Dataset excerpts
#####

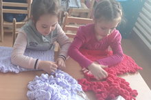 Те, кто знает, что представляет собой специальная пряжа с петельками для вязания руками Alize Puffy, считают, что справиться с ней сможет даже ребёнок. В этом действительно есть определенная доля правды, более того, дети способны и самостоятельно увидеть в данном занятии нечто увлекательное и необычное – то, что может принести пользу не только в виде конечного изделия. С помощью него можно развить внимание и концентрацию. Способ этот достаточно эффективный и доказанный с научной точки зрения. И если спицами вязать захочет не каждый ребёнок, то, используя специальную пряжу турецкого производителя Alize Puffy, привычное занятие можно превратить в исключительное и оригинальное. Манипулируя крупными петельками, можно развивать мозг и тренировать фокусировку внимания. Сегодня это особенно важно не только для детей, но и для взрослых. Сегодня вязать из пряжи Alize Puffy смогут не только девочки, данный монотонный процесс подойдёт и будущим мужчинам, которые, скорее всего, согласятся на подобное занятие, учитывая, что ни спицы, ни крючки в этом процессе не задействуются. Каждый ребенок мечтает преподнести своей мамочке самый лучший на свете подарок сделанный своими руками. Мы долго думали, что же подарить мамам на 8 марта и решили связать сидушку для стула. Вязание сидушки – работа простая, быстрая и интересная. Ребята подготовительной группы № 11 с большим интересом принялись за это дело. Они все справились с заданием, у всех получились красивые, оригинальные сидушки на стулья. Отличный подарок на 8 марта!
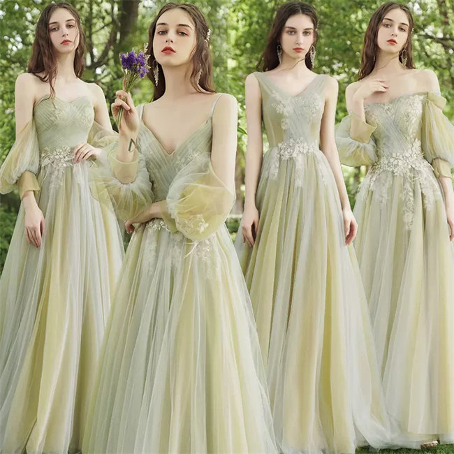 グリーン4デザインパーティードレスワンピース二次会演出司会ブライズメイドドレス結婚式お呼ばれ ロング丈ロングドレスマキシ丈ブライズメイドドレスフォーマルドレス
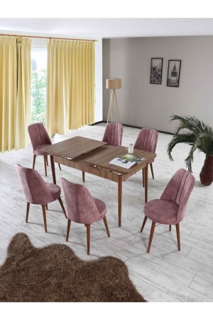 طاولة مُوسعة سلسلة MNZ-Astera + 6 قطع ثياب وجه الطفل المدخن المطبخ غرفة المعيشة غرفة الطعام مجموعة
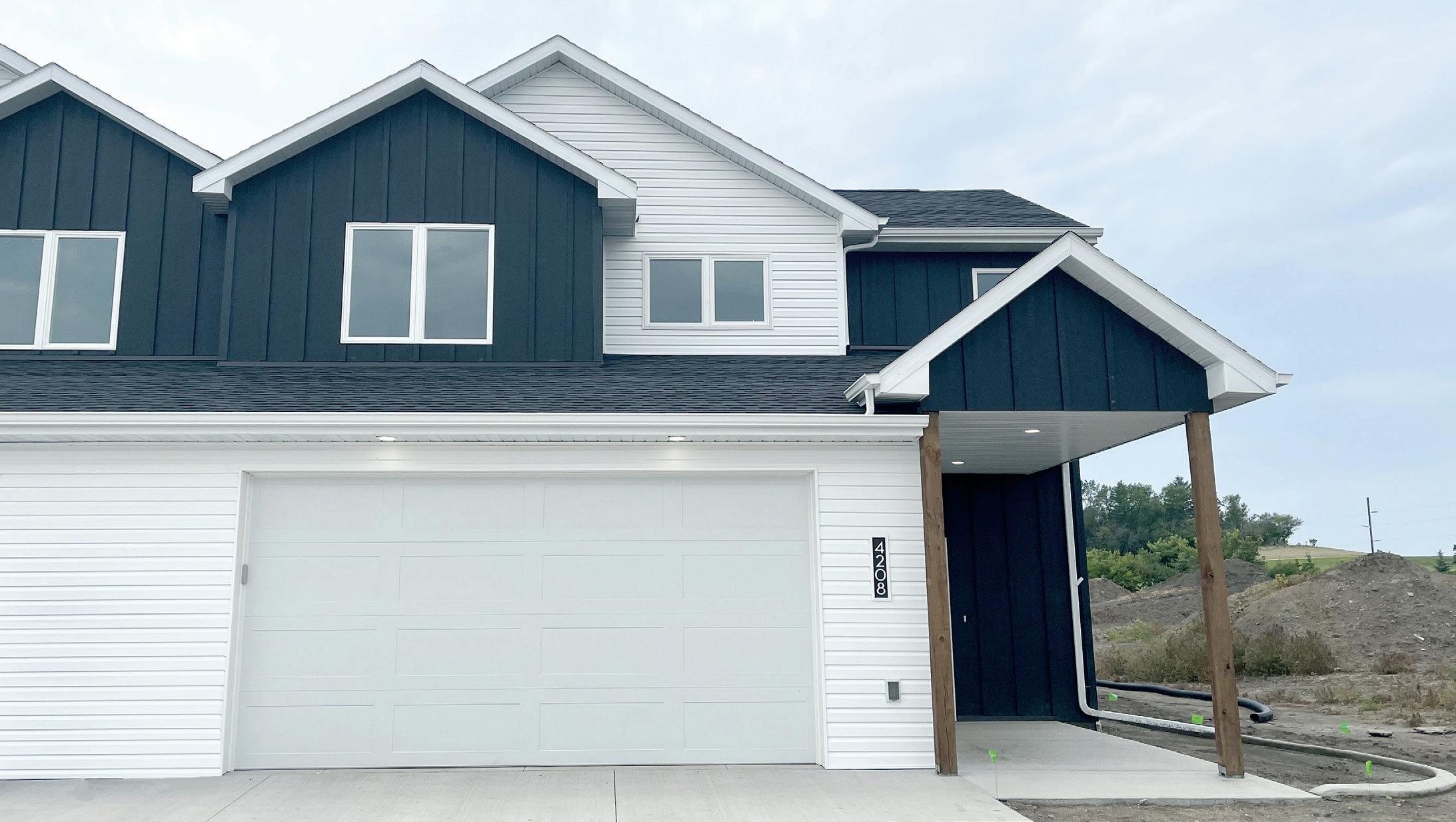 This twin home was just completed in our new Heritage Park 2nd Addition. This layout offers just the right amount of square footage on the main floor with overflow space on the upper level for guests. The entry opens to the large family room with ceiling that vaults into the 2nd story and is adjacent to the kitchen with custom alder cabinetry, dining room with trayed ceiling, 1/2 bath and mudroom. At the back of the home is a large covered stamped concrete patio and the master bedroom and bath with two sinks, custom tiled shower and jetted tub. The two-stall garage has an additional storage space perfect for hobbies and
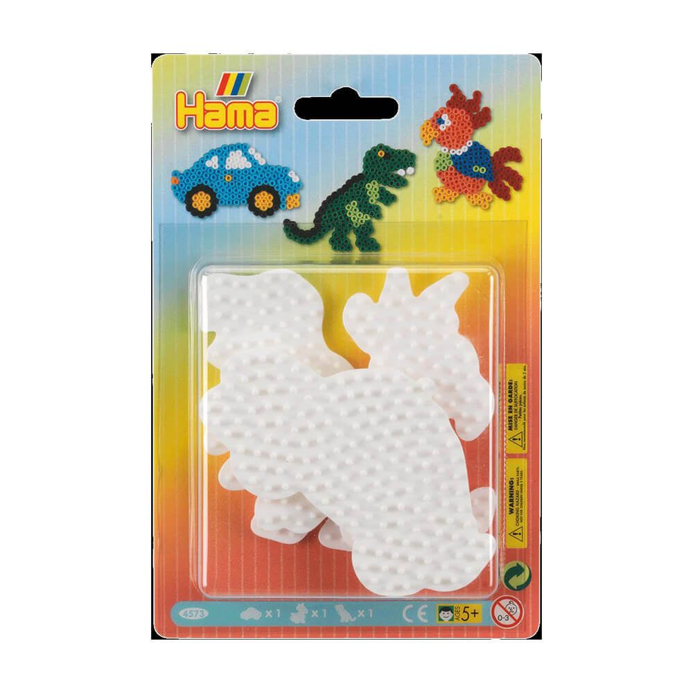 HAMA Bügelperlen bereiten jeder Altersgruppe großen Spaß und fördern die Kreativität durch das Legen neuer Bilder. Dank der unterschiedlichen Größen lassen sich sowohl riesige, als auch detaillierte Muster setzen. In diesem Midi Stiftplatten-Set befinden sich 3 Stiftplatten, ihr Motiv ist ein Dino, ein Papagei und ein Auto.
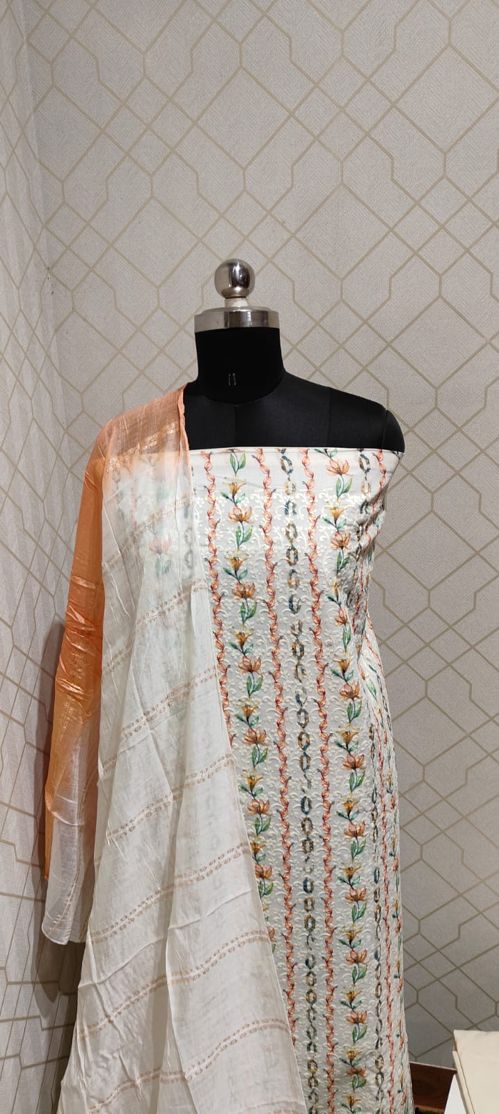 Rich looking Chikkankari worked pure cotton top floral prints, cotton bottom, premium silk dupatta with sequence and zari work.

#####

#### Exercise:
Copy out all the data exactly. The images should not appear in the copy.

#### Task answer:
 Те, кто знает, что представляет собой специальная пряжа с петельками для вязания руками Alize Puffy, считают, что справиться с ней сможет даже ребёнок. В этом действительно есть определенная доля правды, более того, дети способны и самостоятельно увидеть в данном занятии нечто увлекательное и необычное – то, что может принести пользу не только в виде конечного изделия. С помощью него можно развить внимание и концентрацию. Способ этот достаточно эффективный и доказанный с научной точки зрения. И если спицами вязать захочет не каждый ребёнок, то, используя специальную пряжу турецкого производителя Alize Puffy, привычное занятие можно превратить в исключительное и оригинальное. Манипулируя крупными петельками, можно развивать мозг и тренировать фокусировку внимания. Сегодня это особенно важно не только для детей, но и для взрослых. Сегодня вязать из пряжи Alize Puffy смогут не только девочки, данный монотонный процесс подойдёт и будущим мужчинам, которые, скорее всего, согласятся на подобное занятие, учитывая, что ни спицы, ни крючки в этом процессе не задействуются. Каждый ребенок мечтает преподнести своей мамочке самый лучший на свете подарок сделанный своими руками. Мы долго думали, что же подарить мамам на 8 марта и решили связать сидушку для стула. Вязание сидушки – работа простая, быстрая и интересная. Ребята подготовительной группы № 11 с большим интересом принялись за это дело. Они все справились с заданием, у всех получились красивые, оригинальные сидушки на стулья. Отличный подарок на 8 марта!
 グリーン4デザインパーティードレスワンピース二次会演出司会ブライズメイドドレス結婚式お呼ばれ ロング丈ロングドレスマキシ丈ブライズメイドドレスフォーマルドレス
 طاولة مُوسعة سلسلة MNZ-Astera + 6 قطع ثياب وجه الطفل المدخن المطبخ غرفة المعيشة غرفة الطعام مجموعة
 This twin home was just completed in our new Heritage Park 2nd Addition. This layout offers just the right amount of square footage on the main floor with overflow space on the upper level for guests. The entry opens to the large family room with ceiling that vaults into the 2nd story and is adjacent to the kitchen with custom alder cabinetry, dining room with trayed ceiling, 1/2 bath and mudroom. At the back of the home is a large covered stamped concrete patio and the master bedroom and bath with two sinks, custom tiled shower and jetted tub. The two-stall garage has an additional storage space perfect for hobbies and
 HAMA Bügelperlen bereiten jeder Altersgruppe großen Spaß und fördern die Kreativität durch das Legen neuer Bilder. Dank der unterschiedlichen Größen lassen sich sowohl riesige, als auch detaillierte Muster setzen. In diesem Midi Stiftplatten-Set befinden sich 3 Stiftplatten, ihr Motiv ist ein Dino, ein Papagei und ein Auto.
 Rich looking Chikkankari worked pure cotton top floral prints, cotton bottom, premium silk dupatta with sequence and zari work.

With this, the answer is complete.